After the trip, tensions are high between the two, and Dawn returns home to a pipe blockage explosion in their sewage system. Dawn and Marty both express their frustrations and complicated feelings being parents balancing work. Dawn then finds out she is set to fly out to San Francisco after being chosen to star in a commercial. Calling Eden from the plane to let her know of the last-minute trip, Dawn realizes Eden has gone into labor. With her doula, Dragana, the two set off to the hospital when Dawn shows up, and the two apologize and reconcile. Eden then gives birth to a girl, whom she names Claudette.

After returning home, Eden and Claudette meet up with Dawn and her family to see the movie for which Claude had filmed a minor role on the night they met. When returning home from the movie, Dawn reveals she's moving back to Eden's neighborhood and the two casually say "see you later,” rather than “goodbye.”

==Cast==
- Ilana Glazer as Eden
- Michelle Buteau as Dawn
- John Carroll Lynch as Dr. Morris
- Hasan Minhaj as Marty
- Stephan James as Claude
- Oliver Platt as Bernie
- Kenny Lucas as Benny
- Keith Lucas as Bobby
- Sandra Bernhard as Dr. Shirley

==Production==
In June 2022, it was announced that Adlon would make her feature directorial debut with an untitled pregnancy comedy film written by Glazer and Rabinowitz, and that Glazer and Buteau would star. The next month, it was announced that Lynch, Minhaj, James, Platt, the Lucas Brothers and Bernhard were cast in the film, which was then in production in New York City.

==Release==
In October 2023, it was announced that Neon acquired U.S. distribution rights to the film, which had officially been titled Babes. It had its world premiere at South by Southwest on March 9, 2024.

The film was released in the United States on May 17, 2024.

==Reception==
 Metacritic, which uses a weighted average, assigned the film a score of 72 out of 100, based on 30 critics, indicating "generally favorable" reviews.

Lovia Gyarkye of The Hollywood Reporter reviewed the film positively, writing that "Adlon’s feature directorial debut bursts with a boisterous energy from its opening moments. Buteau and Glazer have natural chemistry, enhanced by their respective talents". Ferdosa Abdi of Screen Rant wrote that "the filmmaking team captures an authentic, and often underrepresented, facet of sisterhood and motherhood". Amy Nicholson of The Washington Post said that "it’s a movie that hits you with the same surge of mixed emotions as a hug from a grubby toddler".
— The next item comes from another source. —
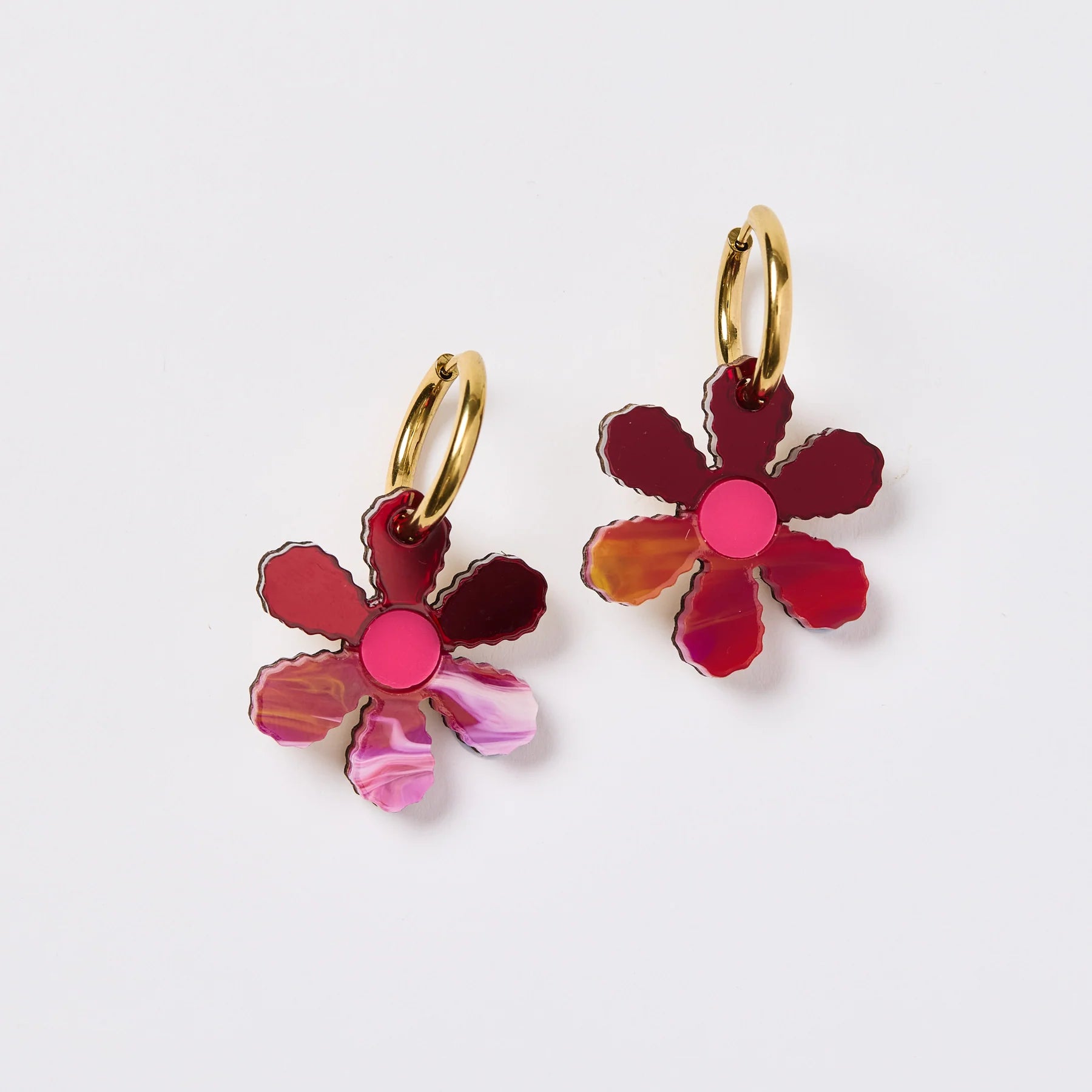 This pair of handmade earrings feature daisies in deep magenta tones with a watercolour effect. They hang on surgical steel (gold) hoops.

Zachary Barnes of The Wall Street Journal described the film as "never very affecting—or, more lethally, very funny ... the kind of comedy that makes you wonder what jokes are, exactly, and if what you just saw contained any". Valerie Complex of Deadline Hollywood said "it presents a series of vignettes on motherhood and female friendship that are at times touching and hilarious but often feel disjointed and unrealistic".